Около универмага его настигли воспоминания, как когда-то он с матерью ходил в кукольный театр. В темноте светились огоньки сигарет. Мужчины стояли в подворотнях и бросали слова, которых он не понимал, – так, только некоторые. Был ноябрь или декабрь. Белый свет от фонарей не доходил до тротуара. Дрожал и шипел где-то наверху. Металлический блеск лежал на голых ветках деревьев. Мать ускорила шаг, и через ее холодную ладонь он чувствовал, как ей страшно.

На залитой желтым светом сцене, в серебристых пыльных лучах прожекторов, принц спасал принцессу или что-то в этом духе, какая-то визгливая история, которая занимала его лишь постольку, поскольку он был в таком месте впервые. Ему хотелось еще раз пройти по той улице, пробитой во мраке, в двух шагах от освещенной Торговой, и еще раз посмотреть на красные огоньки, блуждающие вверх-вниз. Когда представление закончилось, мать крепко взяла его за руку и проскользнула с ним в середину толпы родителей с детьми. Он был разочарован. Универмаг был похож на стеклянный шкаф. Где-то там, внутри, стояла, склонившись над корзиной со всякой снедью, та гипсовая женщина с большой грудью и с задом как две подушки. Он часто о ней думал.

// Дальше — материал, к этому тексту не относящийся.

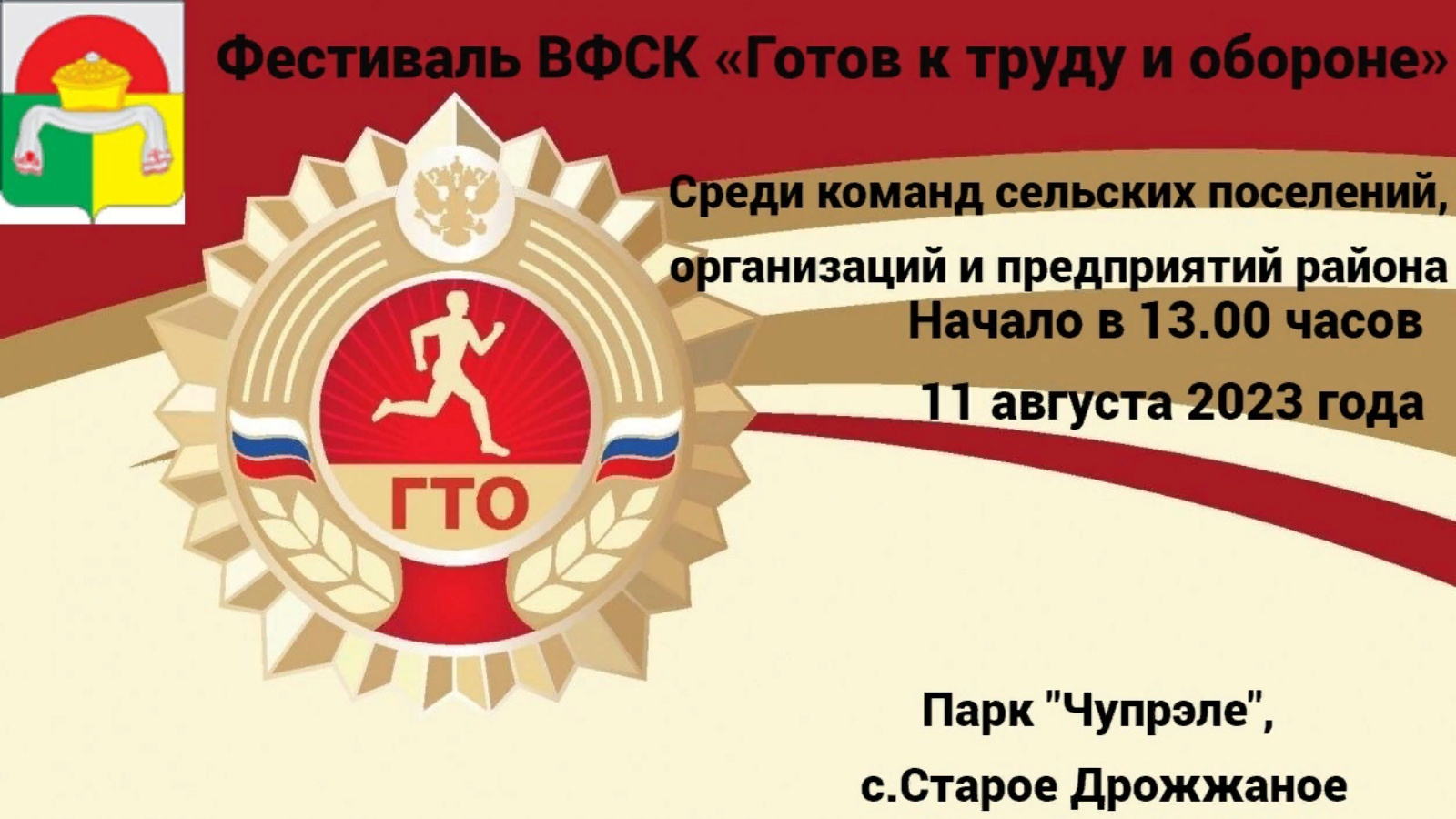 Завтра, в 13.00 часов 11 августа 2023 года, в парке "Чупрэле" состоится фестиваль ВФСК «Готов к труду и обороне» среди команд сельских поселений, организаций и предприятий района. Состав команды 3 участника вне зависимости от пола и возраста. Виды испытаний:
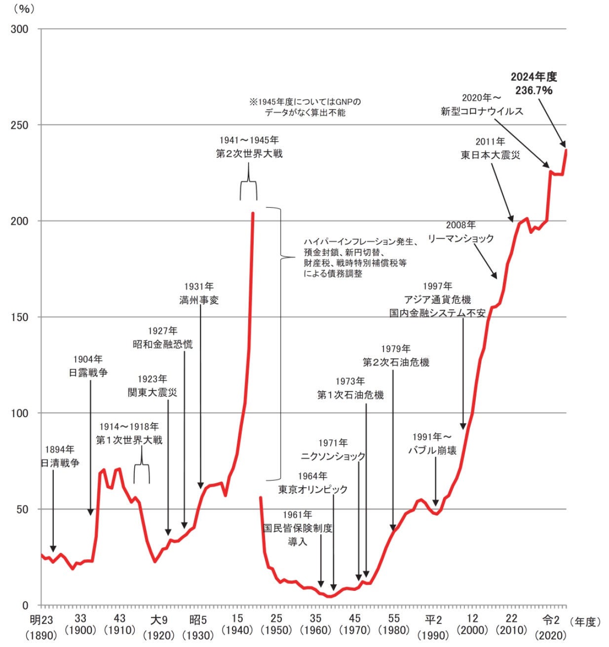 図表2:日本の政府債務残高GDP比の推移 (期間:1890年~2024年)
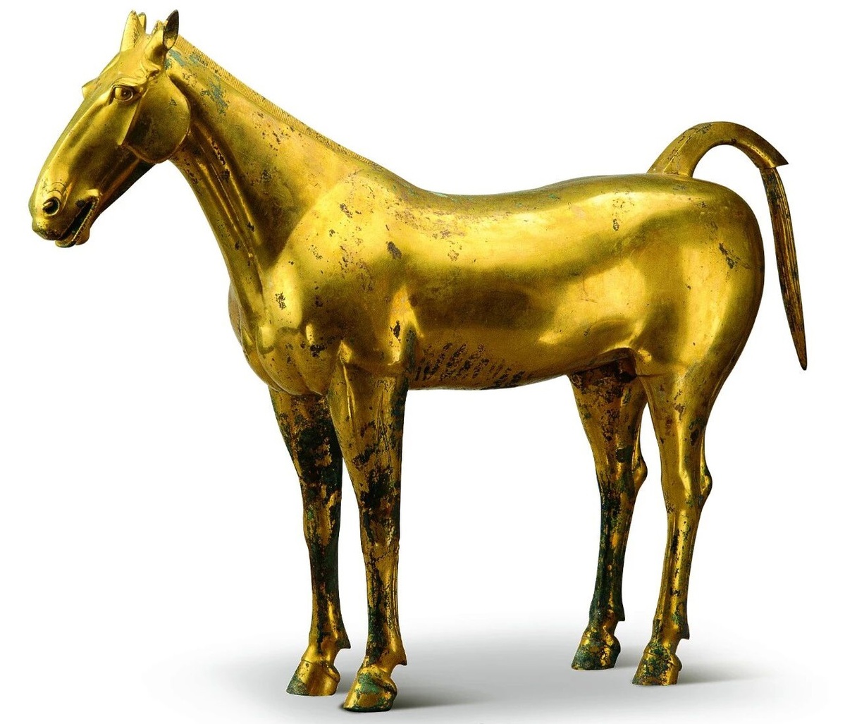 Discovered in 1981, this gilded bronze horse, modeled after the Ferghana horse, also known as the "blood-sweating horse", was unearthed from a tomb in Emperor Wu's Maoling Mausoleum. Standing calmly yet powerfully, it features a chest with taut muscles and sharply defined hooves – solid and strong, embodying the might of the Han Empire and reflecting the highly developed horse culture of the Han Dynasty. Collection: Maoling Museum, Xianyang, Shaanxi.
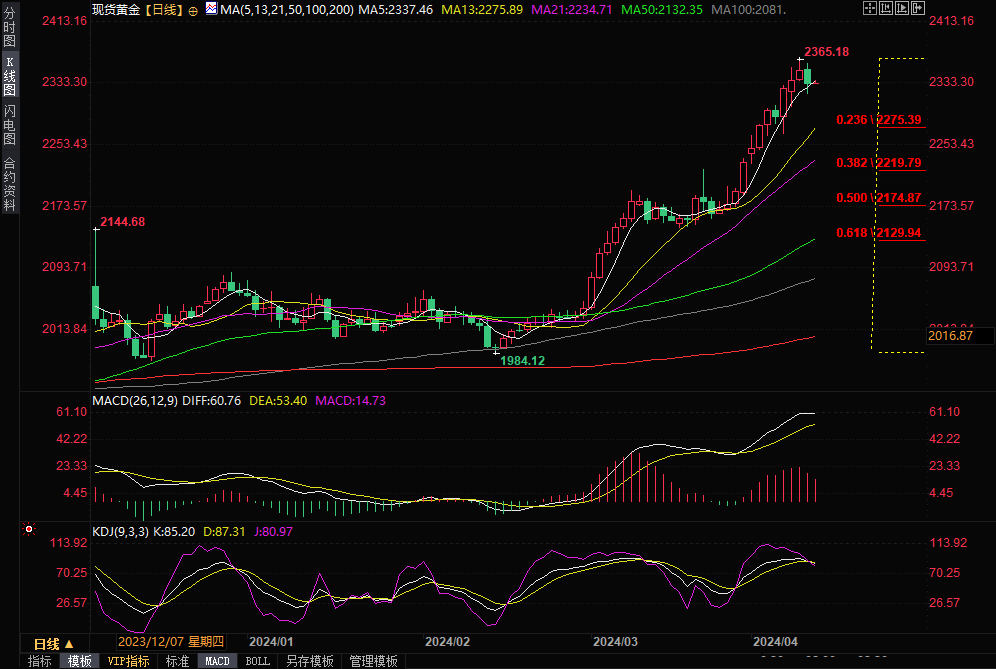 目前来看,在中东局势进一步恶化前,金价存在近一半回调风险,分别关注2320和2300附近支撑,但考虑到地缘局势的担忧情绪仍存,金价料将受到逢低买盘的支撑,这将限制金价的短线下跌空间,盘中警惕多空来回拉锯的可能性。

Переходя пустую, блестевшую асфальтом улицу Окшеи с единственным автомобилем вдалеке, едущим от реки, Павел вспомнил, что там, за магазином, он был когда-то с отцом. Плоская одноэтажная застройка, идти туда надо было через ворота в кирпичной стене. В скверном помещении мужчины в резиновых сапогах кидали лопатами внутренности животных в металлические емкости. Бетонная силосная яма была наполнена лоснящимися кусками печени – целой горой скользких, отливающих глянцем багровых сгустков; под ногами хлюпала кровь. У отца был там какой-то знакомый.

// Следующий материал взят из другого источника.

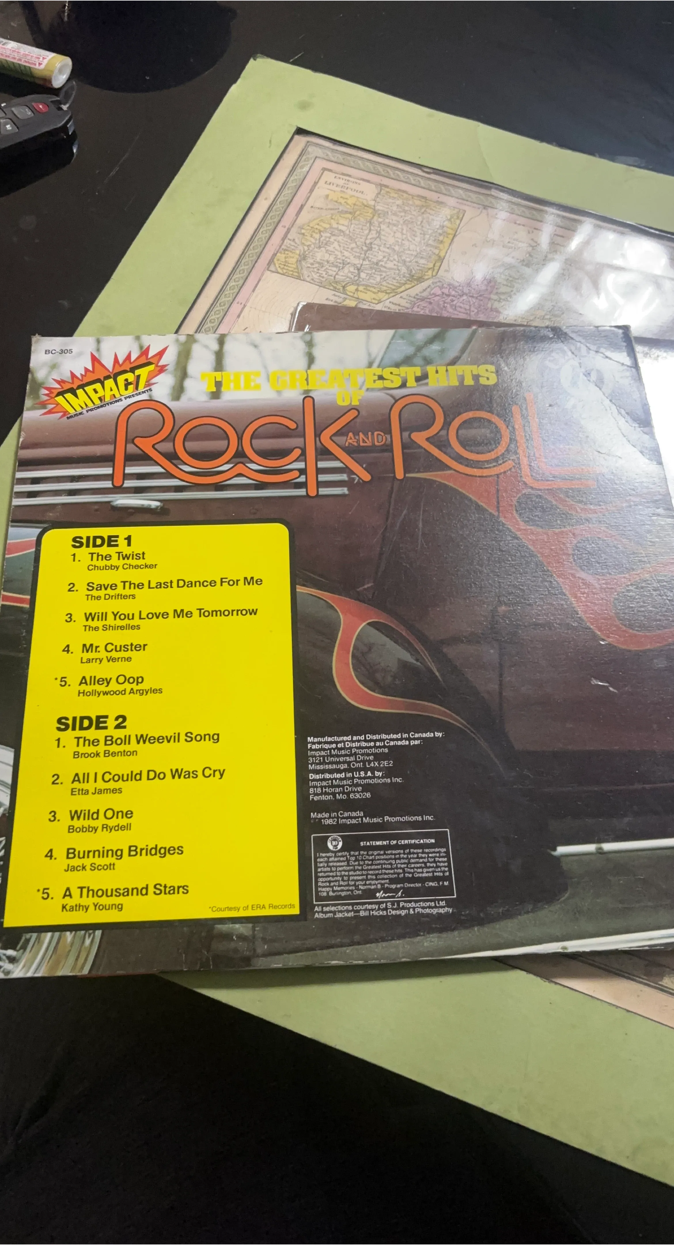 This Impact Music Promotions vinyl features a collection of greatest hits from the rock and roll era. It includes tracks by artists like Chubby Checker, The Drifters, and Etta James. The album was manufactured and distributed by Impact Music Promotions in Canada in 1982.
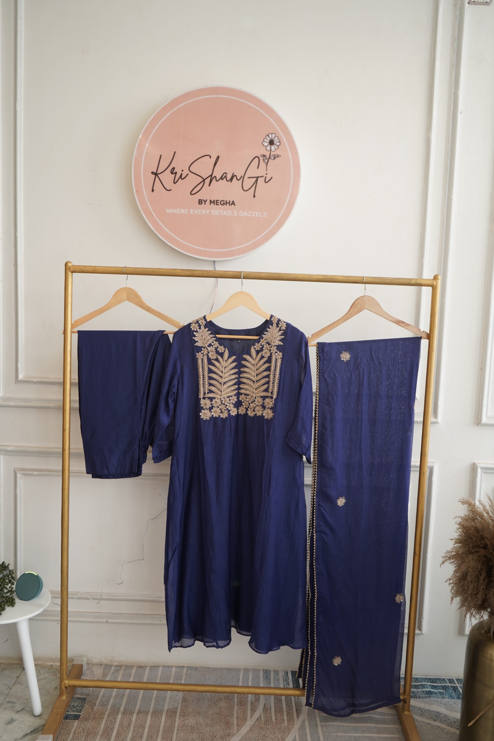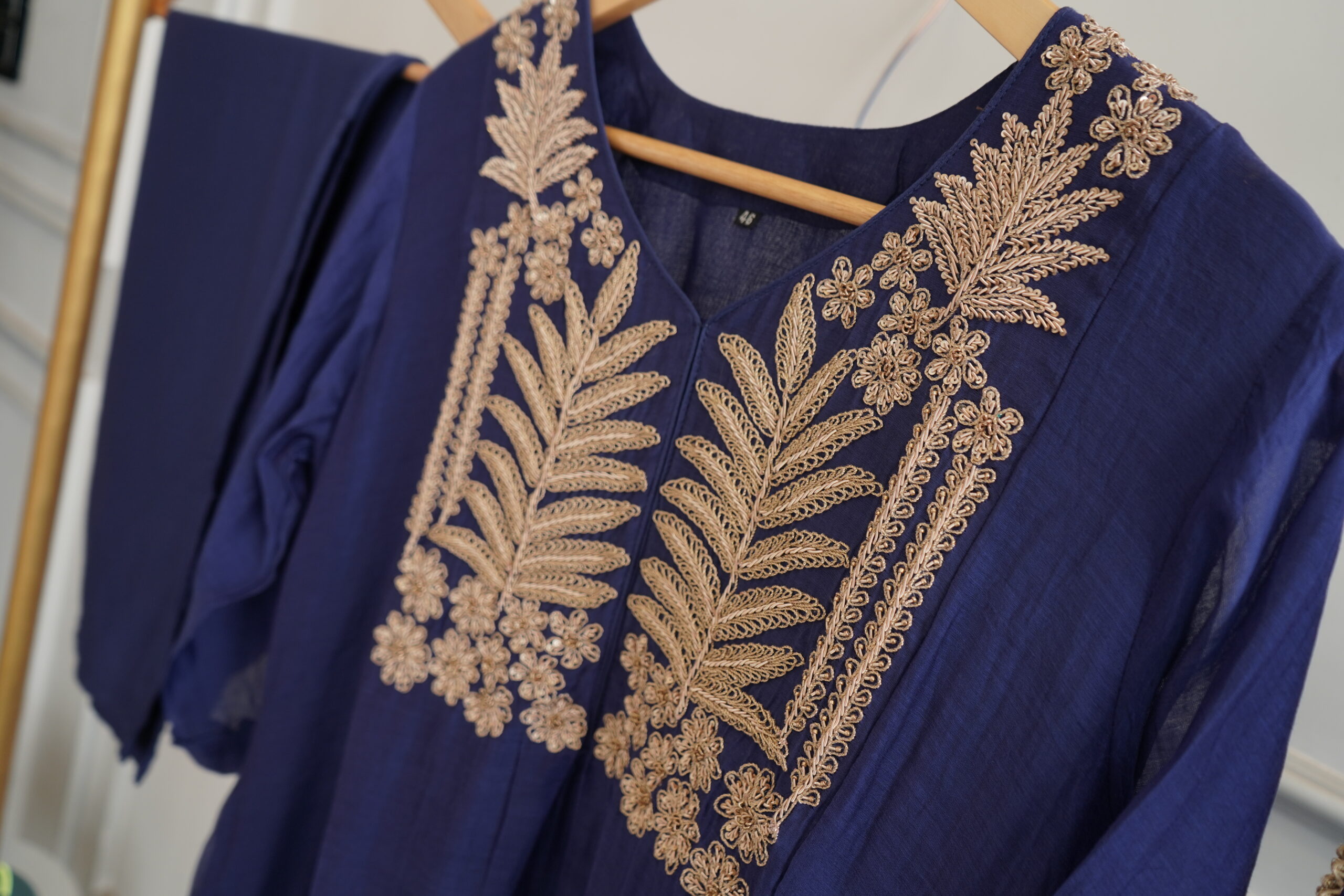 The kurta features exquisite zari thread handwork on the neckline, beautifully complemented by delicate small bootis scattered on the neck, creating a subtle yet luxurious design. The 3-piece set includes the kurta, bottom, and dupatta, each meticulously crafted to ensure a perfect fit and effortless drape. The combination of fine fabric and artisanal handwork makes this suit set a timeless addition to your ethnic collection.
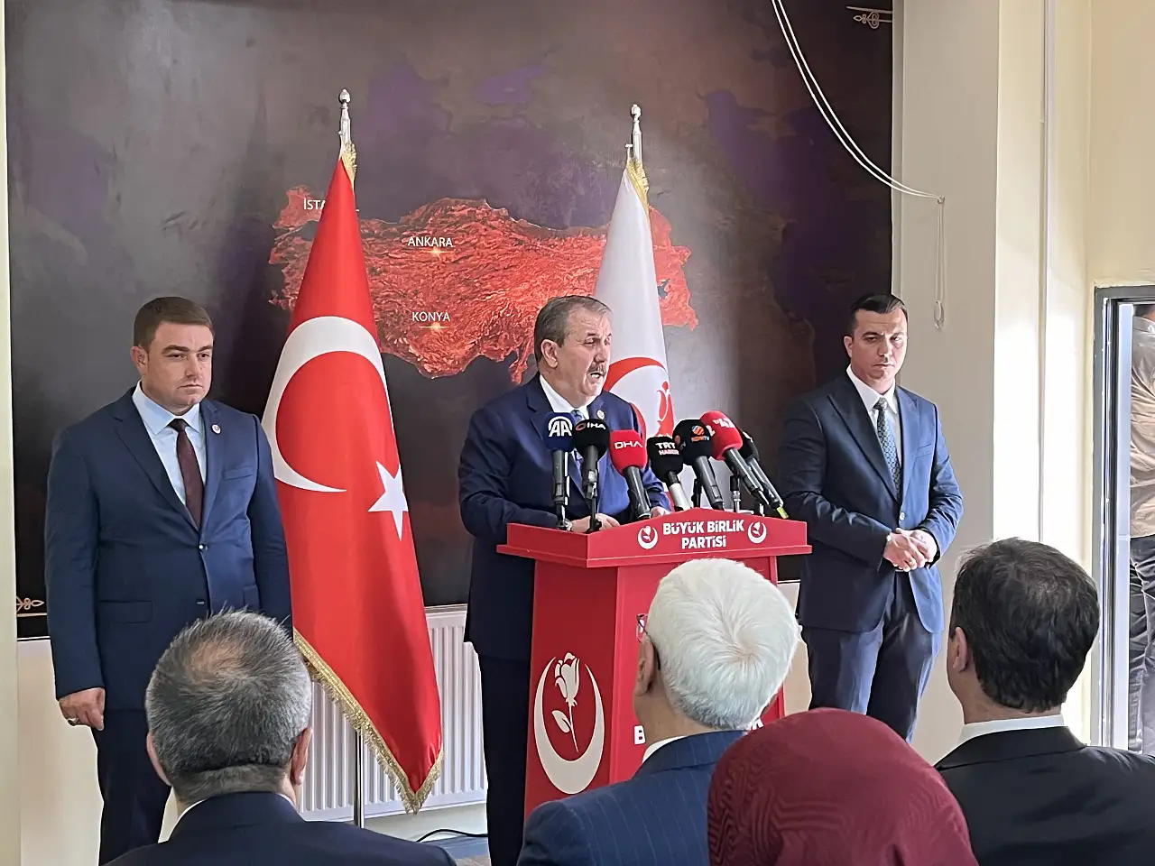 BBP Genel Başkanı Mustafa Destici, birtakım ziyaretler için Konya'ya geldi. Partisinin İl Başkanlığında basın mensuplarına açıklamalarda bulunan Destici, kamuda çalışan yaklaşık 600 bin işçinin sözleşmesinin el sıkışmayla sonuçlandığını belirtti. Destici, "Şimdi memurlarımız masada ve 3 milyondan fazla memurumuz ve bir de bunlara ilaveten belki bu sayıda memur emeklimizi ilgilendiren toplu sözleşme görüşmeleri maalesef uyuşmazlıkla sonuçlandı. Ve şu anda top hakem kurulunda.

За спиной влажно прошелестел автомобиль. Принес с собой запах тумана над портом. Свернул влево. Автобусы в это время шли пустые.


Павел шел вдоль бесконечного ряда машин и угадывал марки. Здесь не так дуло – панельный дом горчичного цвета закрывал это место от ветра. Деревья выросли, а огромная свалка строительного мусора превратилась в детскую площадку. Он миновал одиннадцатиэтажку, и холод ударил ему в лицо, но, к счастью, за ней сразу же потянулась другая. Павел считал подъезды. Везде стояли домофоны. Корпус четыре, подъезд шесть. В сумме должно быть десять. Никогда не мог запомнить. Он провел пальцем по кнопкам. Из какой-то квартиры принялись допытываться, кто это, и замолчали, то же самое в другой, но потом наконец запищало. Павел толкнул дверь, почувствовал запах мокрого бетона и, чтобы было быстрее, стал подниматься пешком.


Ему открыл какой-то боров.

– Я ничего не покупаю, – сказал он, сразу закрывая дверь. – И на х… было этот домофон ставить, – пробурчал он себе под нос.

– Болек?…

Дверь замерла и поехала в другую сторону.

– Что Болек? Ты кто такой? Братан… – Он повысил голос. В глубине квартиры залаял пес. Потом между дверной притолокой и ногой в джинсе просунулась морда ротвейлера.

– Спокойно, Шейх. Ну что тебе?

– Болек, это я, Павел.

– Какой Павел? – Он наморщил лоб, и шарик памяти начал вращаться, стуча, пока не оказался в нужной лузе. – От Кичора?

– От Богны, старый знакомый…

Боров начал вглядываться, недоверчивая усмешка тронула уголки его губ, правой рукой он шире распахнул дверь, а левой схватил пса за ошейник:

– Не могу… А я, как с торговым агентом…


– Я купил еще и эту, рядом, и велел раздолбать стену. Вместе тут сто тридцать метров.

Золотая цепь соскользнула у него с запястья на предплечье. Потянувшись за бутылкой, он встряхнул рукой, и цепура вернулась на место. Когда он брал рюмку или сигарету, она снова скатывалась, останавливаясь где-то на полпути к локтю. Собака, лежа на алом матрасе, перестала открывать глаза. Павел сказал, что сегодня ему забирать машину из автосервиса, и пил через раз. Огонь гулял по пустому желудку, подбираясь к самому горлу, и голова тоже была пустой, но холодной. День поднимался, разрастался, далекий центр города был накрыт зонтом облачности, но свет уже вовсю пробивался сквозь него, расправляясь и приподнимая свод сизых туч. Над гостиницей реяло маленькое знамя чистой синевы.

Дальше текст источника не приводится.